The game of roulette, for example, has negative mathematical expectation for the player, it can have positive winning streaks, but in the long term, if you continue playing you will end up losing, and casinos know this very well.
PARAMETERS
'BACKTEST DAYS': Number of days back of historical data for the calculation of the Backtest.
'ENTRY TYPE': For '% EQUITY' if you have $ 10,000 of capital and select 7.5%, for example, your entry would be $ 750 without leverage. If you select CONTRACTS for the 'BTCUSDT' pair, for example, it would be the amount in 'Bitcoins' and if you select 'CASH' it would be the amount in $ dollars.
'QUANTITY (LEVERAGE 1X)': The amount for an entry with X1 leverage according to the previous section.
'MAXIMUM LEVERAGE': It's the maximum allowed multiplier of the quantity entered in the previous section according to the volume condition.
The settings are for Bitcoin at Binance Futures (BTC: USDTPERP) in 30 minutes.
For other pairs and other timeframes, the settings have to be adjusted again. And within a month, the settings will be different because we all know the market and the trend are changing.
█ 888 BOT (SPANISH)
Este es un Expert Advisor 'EA' o script de trading automatizado para ‘longs’ y ‘shorts’, el cual, utiliza solo un Take Profit o, en el peor de los casos, un Stop Loss para cerrar el trade.
Es una versión muy mejorada del anterior ‘Repanocha’. No utiliza ‘Trailing Stop’, ni funciones ‘security()’ (aunque usar una función security no significa que el script repinte) y todas las señales son confirmadas, por consiguiente, el script no repinta en modo alertas y es preciso en en el modo backtest.

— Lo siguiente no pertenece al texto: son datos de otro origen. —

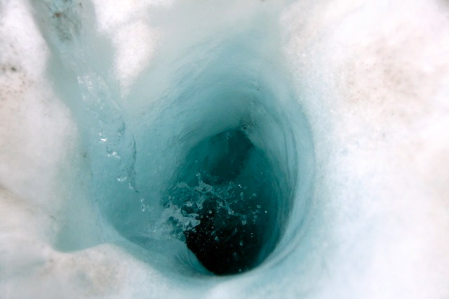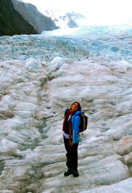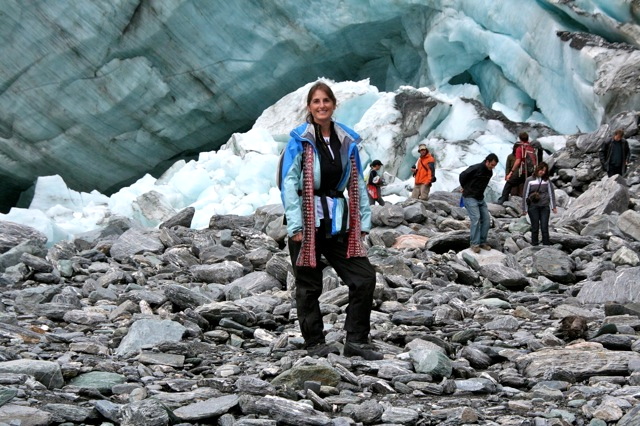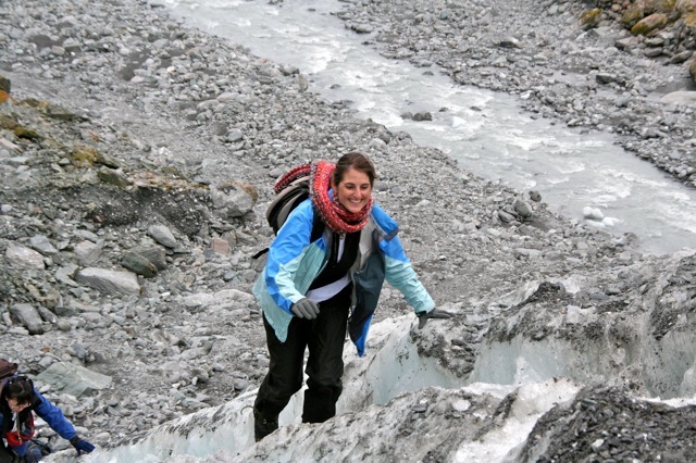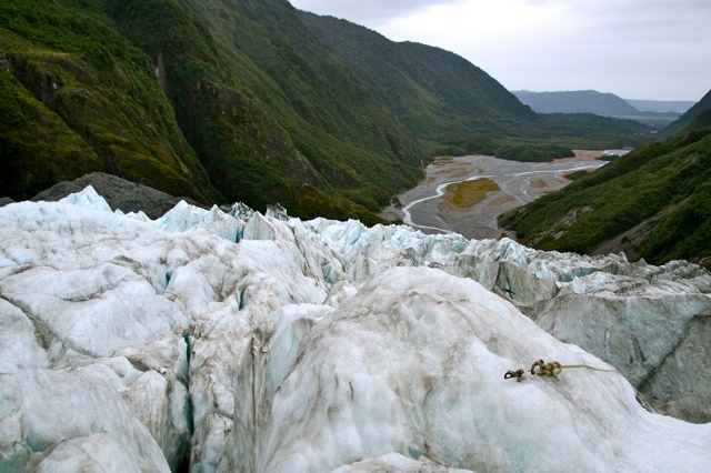 One time, Ryan let us step down a few feet into a narrow ice cavern for photo ops, and I went down there for my “moment”..and my cash popped out of my pocket. I bent to retrieve it and my boot shoved a mound of loose ice chunks ahead of me – carrying the bills – further into the crevasse. I laughed and stepped gently deeper again…and shoved it further. Not laughing as much now – thinking about the film “Touching the Void”…with my fellow climbers looking on…I tried one more time, stepping ever deeper down, and voila! Got my NZ $15! The group exhaled. They didn’t want a retrieval operation! Haha.
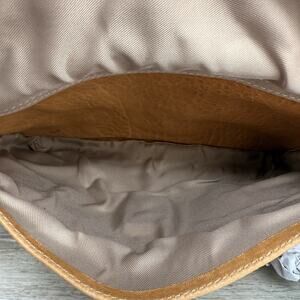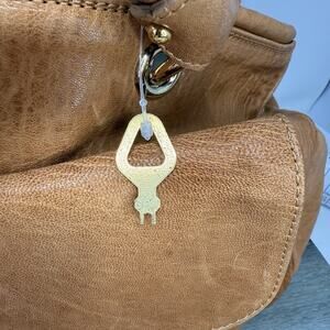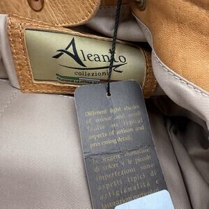 Aleanto Collezioni Italy Camel Leather Satchel Purse Handbag Studded Handle made to look well traveled. The leather is soft. Handle is studded. Front pocket as well as inside zipper pocket. The key to the front pocket is attached. Also comes with the dust bag. There is still paper in the pocket and the tag still on it.

Aparte de los anteriores indicadores se han añadido algunos más y otras funciones para Stop-Loss, de re-entrada y apalancamiento.
Utiliza 8 indicadores, (muchos ya sabéis sobradamente lo que son, pero por si hay alguien nuevo), son los siguientes:
1. Jurik Moving Average
Es una media móvil creada por Mark Jurik para profesionales la cual elimina el ‘lag’ o retardo de la señal. Es mejor que otras medias móviles como la EMA, DEMA, AMA o T3.
Hay dos formas de disminuir el ruido utilizando JMA. El aumento del parámetro 'LENGTH' hará que JMA se mueva más lentamente y, por lo tanto, reducirá el ruido a expensas de añadir ‘lag’
Los parámetros 'JMA LENGTH', 'PHASE' y 'POWER' ofrecen una forma de seleccionar el equilibrio óptimo entre ‘lag’ y sobre impulso.
Verde : Alcista, Rojo: Bajista.
2. Range filter
Creado por Donovan Wall, su función es la de filtrar o eliminar el ruido y poder determinar mejor la tendencia del precio a corto plazo.
Primero, se calcula un rango de precio promedio uniforme 'SAMPLING PERIOD' para la base del filtro y se multiplica por una cantidad específica 'RANGE MULTIPLIER'.
A continuación, el filtro se calcula ajustando los movimientos de precios que no exceden el rango especificado.
Por último, los rangos objetivo se trazan para mostrar los precios que activarán el movimiento del filtro.
Verde : Alcista, Rojo: Bajista.
3. Average Directional Index (ADX Classic) y (ADX Masanakamura)
Es un indicador diseñado por Welles Wilder para medir la fuerza y dirección de la tendencia del mercado. El movimiento del precio tiene fuerza cuando el ADX tiene pendiente positiva y está por encima de cierto nivel mínimo 'ADX THRESHOLD' y para un periodo dado 'ADX LENGTH'.
El color verde de las barras indica que la tendencia es alcista y que el ADX está por encima del nivel establecido por el threshold.
El color Rojo de las barras indica que la tendencia es bajista y que el ADX está por encima del nivel de threshold.
El color naranja de las barras indica que el precio no tiene fuerza y seguramente lateralizará.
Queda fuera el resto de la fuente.